Alpha-Particle/Proton Differential Flow in the Solar Wind: Implications for Plasma Heating, Azimuthal Flow, and the Parker Spiral Magnetic Field

Wednesday, 17 December 2014: 9:45 AM
Daniel Verscharen, University of New Hampshire Main Campus, Space Science Center, Durham, NH, United States, Sofiane Bourouaine, Univ of New Hampshire, Durham, NH, United States and Benjamin D G Chandran, University of New Hampshire, Durham, NH, United States
Abstract:
Protons and alpha particles in the fast solar wind are only weakly collisional and exhibit a number of non-equilibrium features, including temperature anisotropies and relative drifts along the direction of the background magnetic field. Two mechanisms have been proposed for limiting differential flow between alpha particles and protons: plasma instabilities and the rotational force. Both mechanisms decelerate the alpha particles - for example, the Alfvén/ion-cyclotron and fast-magnetosonic/whistler instabilities limit the drift velocity to a value comparable to the Alfvén speed, which decreases with increasing heliocentric distance r. However, while plasma instabilities transform bulk-flow kinetic energy into heat and plasma waves, the rotational force does not.

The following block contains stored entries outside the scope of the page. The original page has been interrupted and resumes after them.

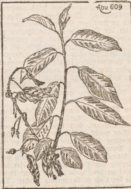
Polsterschimmel am Kirschbaum.

Der Polsterschimmel (s. Abb.). Monilia fructigena wurde zuerst nur am Obst beobachtet; in neuerer Zeit findet man ihn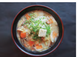
蔬菜拉面 1000 可以补充人体一日所需的蔬菜 的量的半 推荐蔬菜摄入不足的顾客品尝 免费可加黄油 采用时令蔬菜

加料 生大蒜：免费 大份：+200 可以换成极细面 生鸡蛋：+50 酱油煮鸡蛋：+100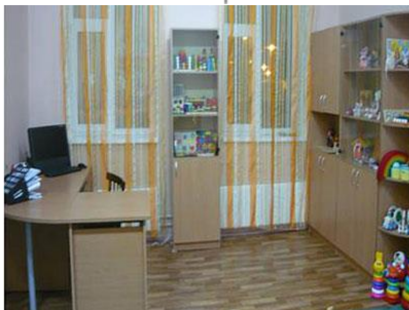
Рис. 7 Личная (рабочая) зона психолога

В кабинете обязательно должна быть предусмотрена личная зона психолога, необходимая ему для подготовки к работе (занятиям, консультациям и пр.), обработки данных, хранения материалов обследования, рабочей документации, методической литературы, пособий и пр.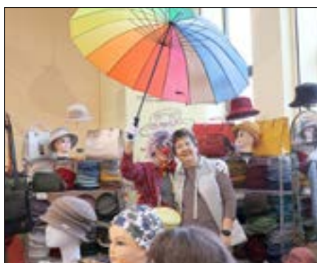
Die Gub Hut GbR ist von Anfang an bei der Produktmesse vertreten.

Termine in 2024 16. März 2024 9. November 2024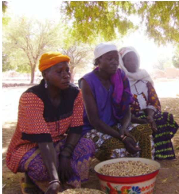
Camperoles de Burkina Faso.

Als reptes de la sostenibilitat mediambiental, social i econòmica que apuntava l'IAAASD (organisme creat per la FAO i el Banc Mundial per analitzar com el coneixement pot aplicar-se al desenvolupament) s'ha de sumar la sostenibilitat humana, segons la qual tota la societat es fa càrrec de la cura que implica el manteniment de l'espècie: "La SbA recontextualitza i dóna valor a moltes lluites feministes i planteja la urgència d'una agenda política al voltant dels treballs reproductius, que inclouen els treballs de processament d'aliments, i de cura, però no com una cosa exclusiva de les dones sinó com un assumpte de tothom" 1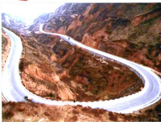
合洽公路洽川坡道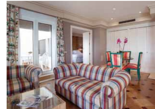
SALÓN SUITE /SUITE LOUNGE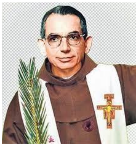
Beato Fray Cosme Spessotto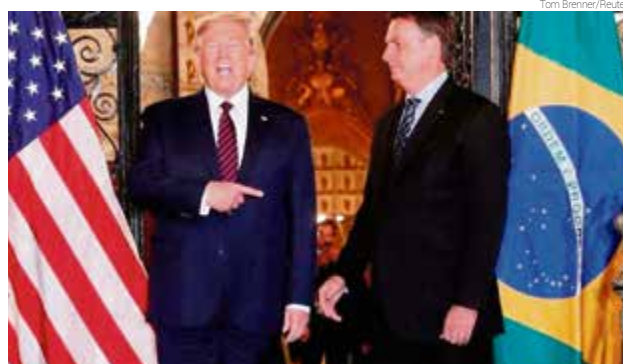
Donald Trump e Jair Bolsonaro

O governo brasileiro assinou um acordo de desenvolvimento de projetos com os Estados Unidos que pode dar acesso ao Brasil a um fundo de desenvolvimento de tecnologia para defesa que chega a US$ 100 bilhões. O acordo pode ajudar o Brasil a capacitar sua indústria e abrir o mercado norte-americano para a indústria nacional da área militar. O financiamento será público e terá de ser dividido entre os dois países, mas o desenvolvimento das pesquisas será feito por empresas privadas. Como é natural, a oposição preferia um acordo com a Venezuela.

We present an analytic expression for the rate Qflow at which energy is released when alpha particles are decelerated by instabilities. We find that Qflow becomes zero at a critical radius r=rcrit, where rcrit is between 1.5 AU and 2 AU in the fast solar wind in the ecliptic plane, and rcrit increases with increasing heliographic latitude. We show that instabilities control the deceleration of alpha particles at r<rcrit, and the rotational force controls the deceleration of alpha particles at r>rcrit. We compare the value of Qflow at r<rcrit with the empirical heating rates for protons and alpha particles deduced from in-situ measurements of fast-wind streams from the Helios and Ulysses spacecraft. We find that Qflow exceeds the empirical heating rate for alpha particles at r<1 AU.

We conclude that the continuous energy input from alpha-particle deceleration at r<rcrit makes a considerable contribution to the heating of the fast solar wind in addition to other local heating mechanisms such as the dissipation of waves and turbulence. We also discuss the implications of the alpha-particle drift for the azimuthal flow velocities of the ions and for the Parker spiral magnetic field.